3. Services For The Elderly

The extent to which the elderly with mental disorders receive services is itself an issue amenable to systematic examination. The notion of filters proposed by Goldberg and Huxley (1992) is very useful. The first filter determines which persons with mental disorders reach a physician, whether they initiate the consultation themselves or whether it is initiated by their families or the physician. The second filter determines whether the physician recognizes that significant mental disturbance is present. This may happen in only about half the consultations. The third filter determines referral to specialist services. Although family physicians recognize early dementia quite efficiently, they may often need further training in the diagnosis of depressive disorders in elderly persons. This is because symptoms of tiredness, poor appetite, insomnia, and apathy may be mistakenly ascribed to old age. The benefits of correct diagnosis for both the patient and the community are self-evident.

4. Disability

From a public health perspective, information about the elderly and the services they require has to include an assessment of disability. This is because it is impairment of functioning in daily life rather than symptoms or diagnoses that brings about the need for services. Dementia is second only to arthritis as a cause of disability in the elderly. Less is known about the impairment of functioning caused by depressive disorders and depressive symptoms but, since they often occur with physical disease, their interactive effect is considerable. One community-based study conducted by an experienced geriatrician found that neuropsychiatric disorders of cognition, behavior, and mood, together with Parkinson-related disorders of gait, are major predictors of disability in late life.

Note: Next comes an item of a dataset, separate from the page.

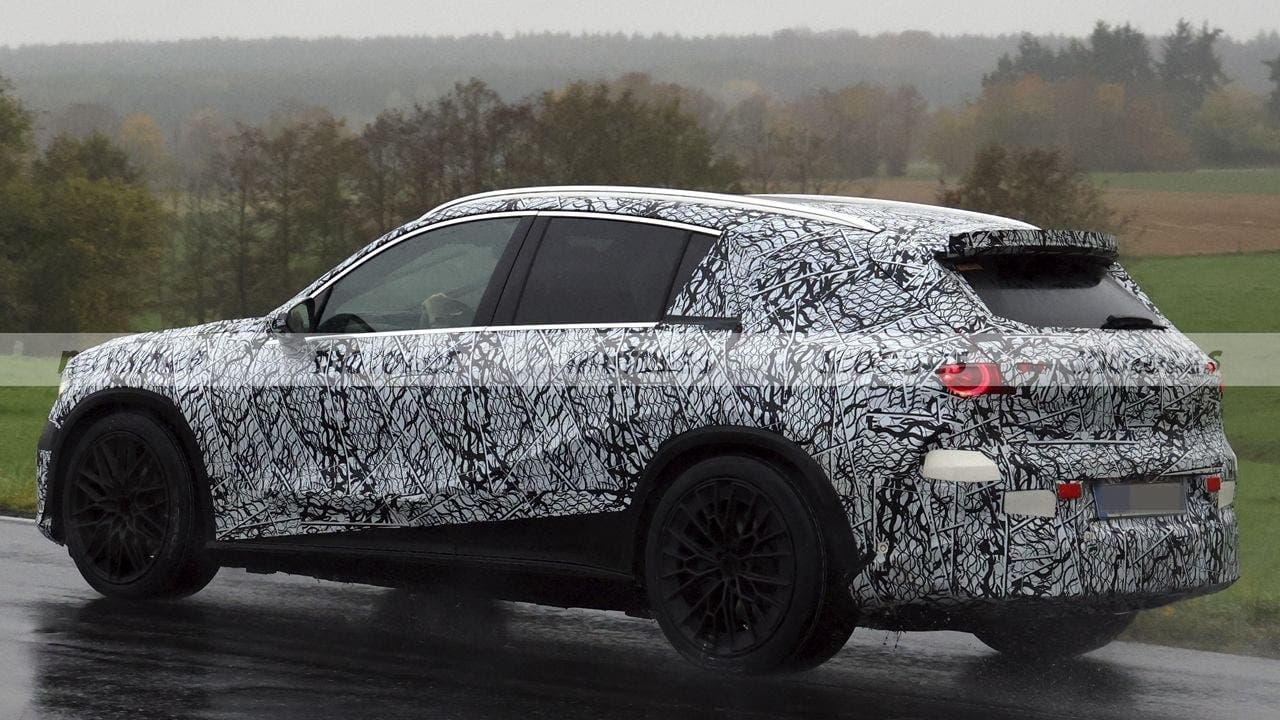 Ciò che è chiaramente visibile è la sua “cima”. La GLC AMG elettrica, infatti, avrà uno spoiler estraibile elettricamente sul portellone. Un sistema aerodinamico attivo mai visto prima in questa posizione, che non solo si adatta automaticamente alla velocità ma presenta addirittura una posizione unica per l’aerofreno.

5. Research In Geriatric Psychiatry

There has been an enormous expansion of research activity in recent decades. Much of it is directed at the following questions:

(a) What determines the course of cognitive decline in old age?

(b) Are there factors in the environment that contribute to dementia?

(c) Can dementia be prevented?

(d) Can drug treatments for dementia be found?

(e) What are the applications of the new neuroimaging techniques to diagnosis and treatment?

(f ) What improvements are needed in primary health care for older persons; and how can these be brought about?

(g) What interventions will promote quality of life in the elderly?

The needs of tomorrow’s communities, together with the rapid advances taking place in neuroscience, will ensure an exciting future for geriatric psychiatry. Its practitioners will need, as never before, to be highly trained but interpersonally skilled physicians.